Monday, January 19, 2009

Russian Currency Continues to Fall as Recession Looms

Sources: Bloomberg, Ruble Falls Most in 10 Years This Week After Five Devaluations; Pravda, Russia's Economy May Not Grow in 2009 At All; The Moscow Times, Putin Orders Budget Revised at $41 Oil

The downward slide of the ruble shows no signs of stopping, reaching its lowest point relative to the dollar since 1998, the year of Russia's financial crisis and Great Default, on Friday. The Central Bank's strategy is not to greatly devalue the currency all in one sweep, but instead to adjust in increments, seventeen times in the last two months alone. Though Russia had the benefit of large foreign currency reserves at the start of this crisis, it cannot afford to use them defending the ruble indefinitely. The Central Bank reported on Thursday that reserves have fallen to $426.5 billion since August, a twenty-nine percent decrease.

The currency is expected to continue its decline for some time before its rate relative to the dollar bottoms out, and this is not Russia's only economic concern. With $80 billion of foreign debt due this year and few refinancing options in the shaky global financial climate, Russian companies may be in trouble. The price of the main oil blend that Russia exports is down sixty-eight percent and falling from a record high in July, and Russian economists are looking at recession for a country that appeared almost untouchable as late as the middle of last year.

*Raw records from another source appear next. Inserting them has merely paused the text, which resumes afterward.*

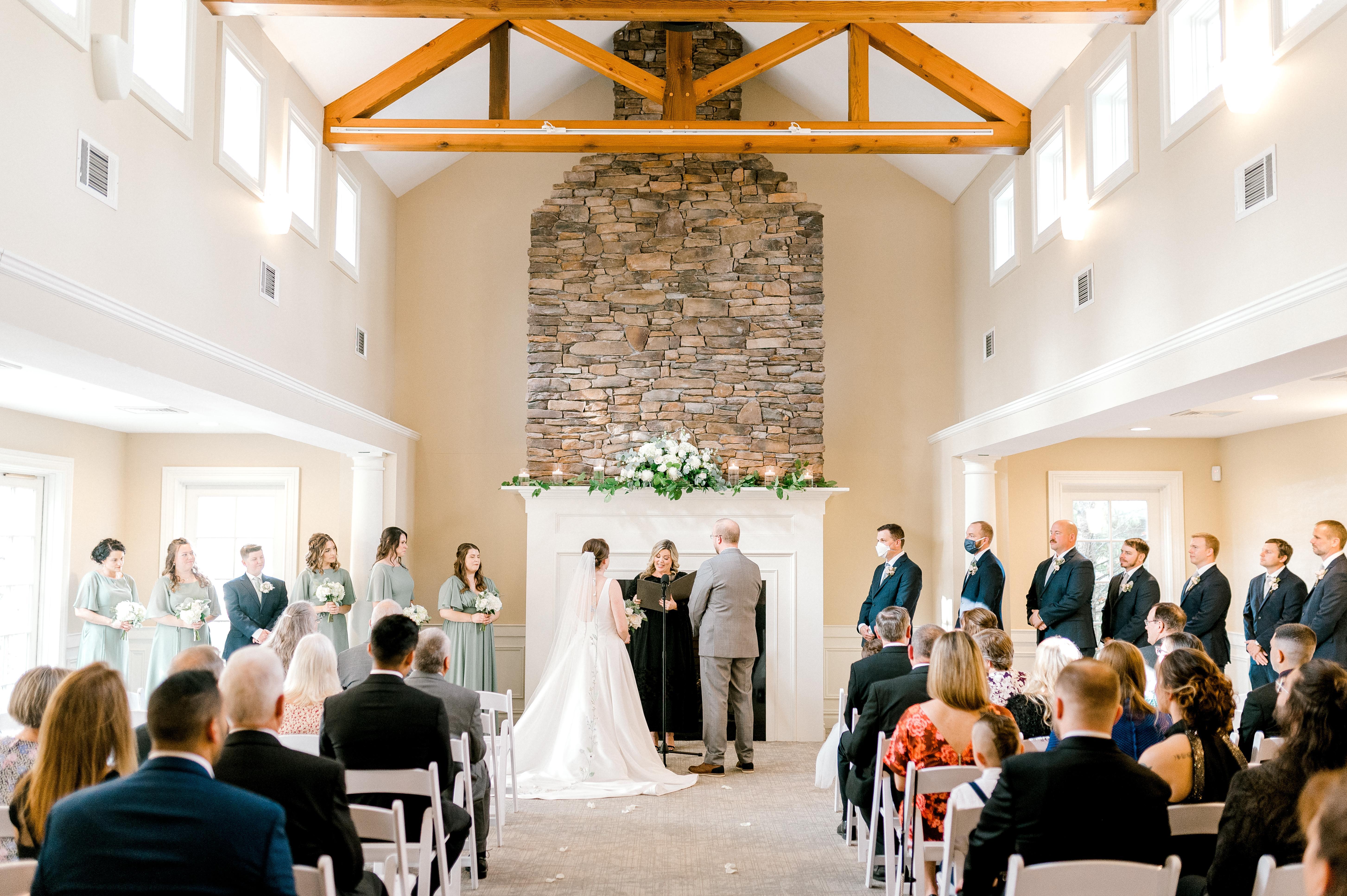 Green Pond Country Club is an elegant, full service event venue located in Bethlehem, Pennsylvania. Located on the grounds of an 18-hole golf course, our venue offers a perfect backdrop for any event. We pride ourelves on offering affordable elegance with wonderful food, traditional decor and attentive staff that is sure to make your wedding memorable. Our traditional style venue accommodates up to 300 guests for a reception in the main event space, featuring a private bar, hardwood dance floor, dedicated space for a DJ or band, and an uncovered patio. The neutral décor provides the perfect backdrop for your wedding theme, color preferences and overall aesthetic. And if you choose to say “I Do” onsite, there are two gorgeous options for wedding ceremonies – a beautiful indoor option with a vaulted ceiling and a fireplace or a private outdoor gazebo that boasts lovely scenery for photographs.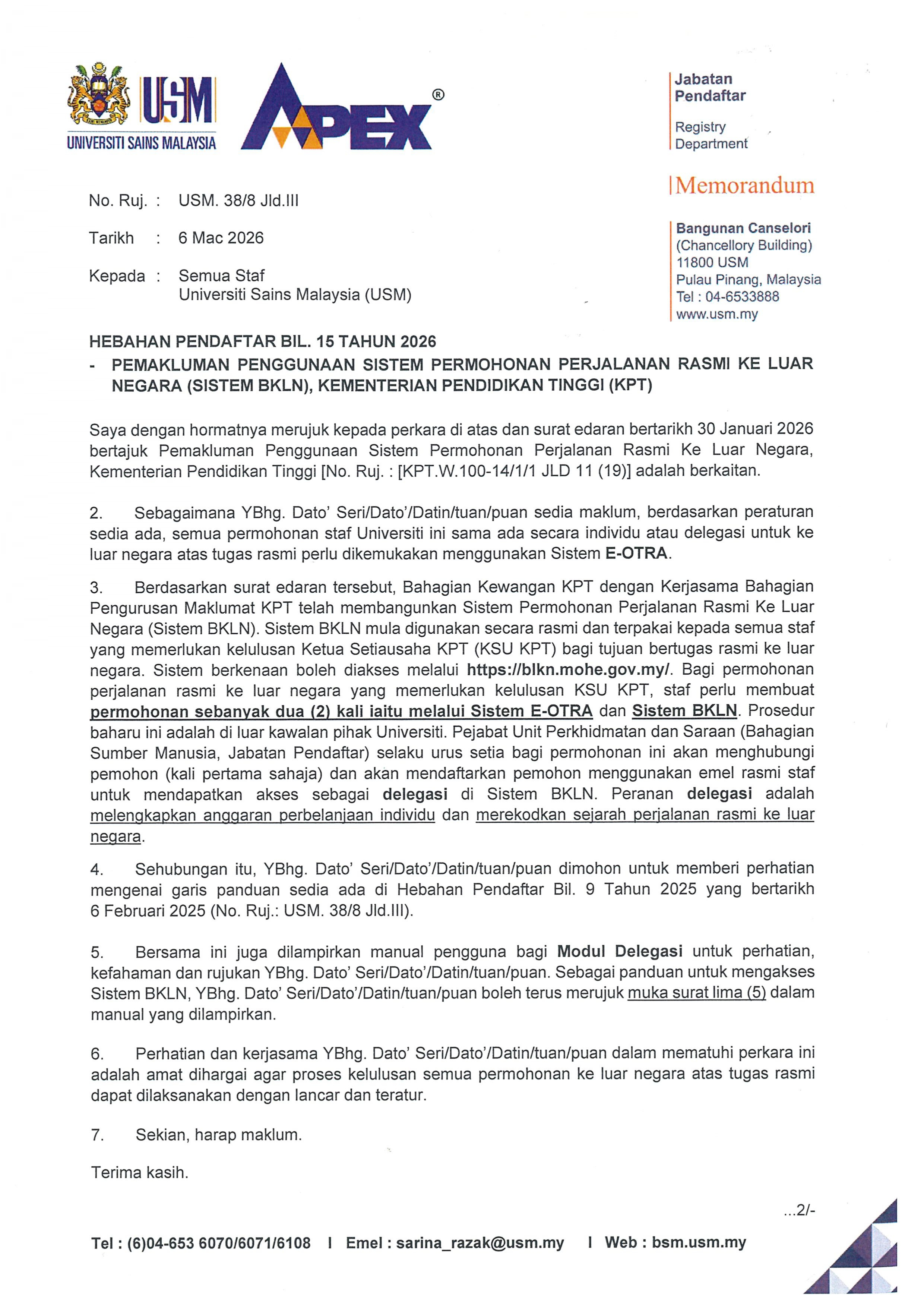 • HEBAHAN PENDAFTAR BIL. 15 TAHUN 2026 - PEMAKLUMAN PENGGUNAAN SISTEM PERMOHONAN PERJALANAN RASMI KE LUAR NEGARA (SISTEM BKLN), KEMENTERIAN PENDIDIKAN TINGGI (KPT)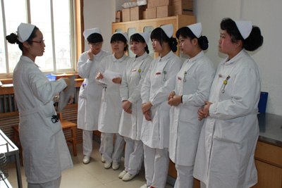 为了贯彻落实护理部对3年内护士的理论及操作培训要求,加强护理队伍建设,以促进护士的临床工作能力和业务水平,内分泌科护理组于3月2日下午,在临床操作示教室再次进行了护理操作技能训练,在王玉环教授及教学科的帮助下、在护士长李小红及副护士长龙俊宏的组织下举行了护理操作大练兵。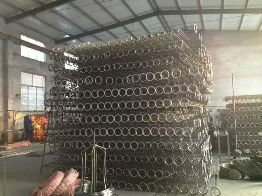 A除塵器骨架,袋籠制作要求支撐環(huán)和縱筋分布均勻,并應(yīng)有足夠的強(qiáng)度和鋼度,金澄公司骨架所用線材為國內(nèi)_碳素鋼Q235,有直徑5-6mm線材鋼經(jīng)_設(shè)備-拉直機(jī)拉制到所需直徑,使其達(dá)到_強(qiáng)度及挺直的要求,能承受濾袋在過濾及清灰狀態(tài)中的氣體壓力,能防止在正常運輸和安裝過程中發(fā)生的碰撞和沖擊所造成的損壞和變形;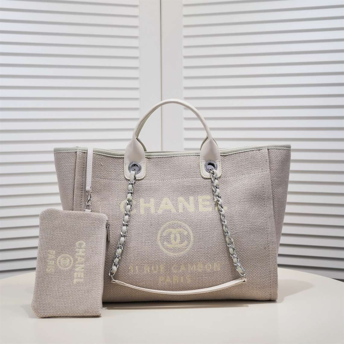 Chanel Canvas Pearl Deauville Tote replica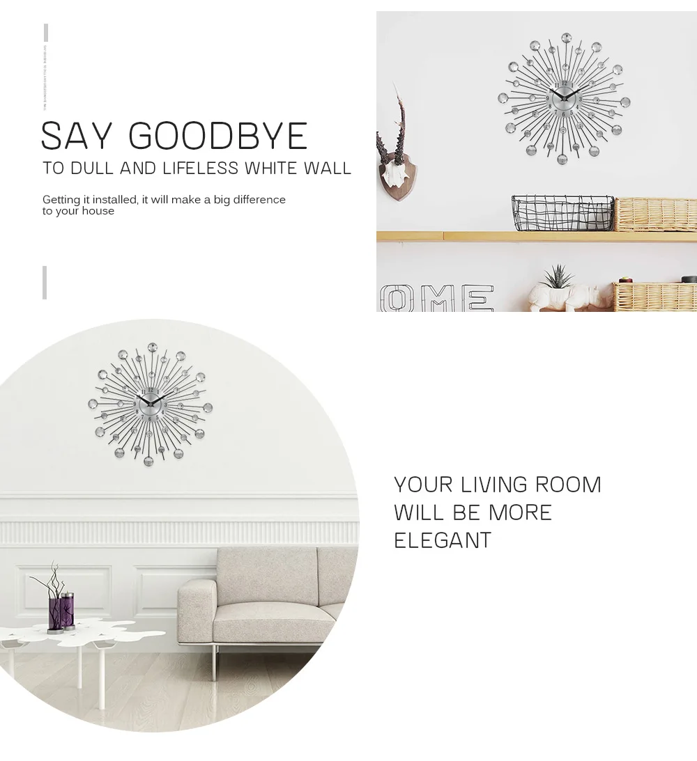 Эти модные настенные часы с кристаллами sunburst выглядят роскошно и благородно, они полны атмосферы искусства. Вам понадобится счастливая жизнь.

Finance Minister Kudrin admitted today that the rate of inflation is expected to reach thirteen percent in 2009, while the growth rate is expected to slow to a rate of zero to two percent. Kudrin expects that the peak of the crisis for Russia will occur in 2009, and stated that Russia is willing to increase the budget deficit in this period, as long as it does not exceed four to five percent of the GDP. The slowing of growth comes from a rate of six percent in 2008, which was lower than expected due to the arrival of the global financial crisis in Russia late in the summer.

Prime Minister Putin ordered a revision of the current budget on Monday to take into account these unexpected slowdowns in the economy, particularly the fall in the price of oil. The existing budget assumes a $95 per barrel price, whereas the revisions will assume $41 per barrel. This change is extremely important, as oil revenues account for forty percent of the Russian budget, bringing in both taxes and export duties. The government will have to shift focus from an expected budget surplus to a deficit, and cut spending accordingly. However, some of the Reserve Fund – a fund created from the high oil-and-gas-driven surpluses of recent years – will be spent in 2009 to accommodate this shift.

Questions:

1) Do you think Russia is doing enough in response to the crisis, or should leaders consider a more drastic one-time devaluation and/or major spending cuts instead of a gradual approach?
2) Will the Reserve Fund, the National Wealth fund, and foreign currency reserves be sufficient to provide a cushion for such a drastic shift in the Russian economic situation, or will low oil prices eat up these reserves and create a situation for Russia similar to that of the 1990s?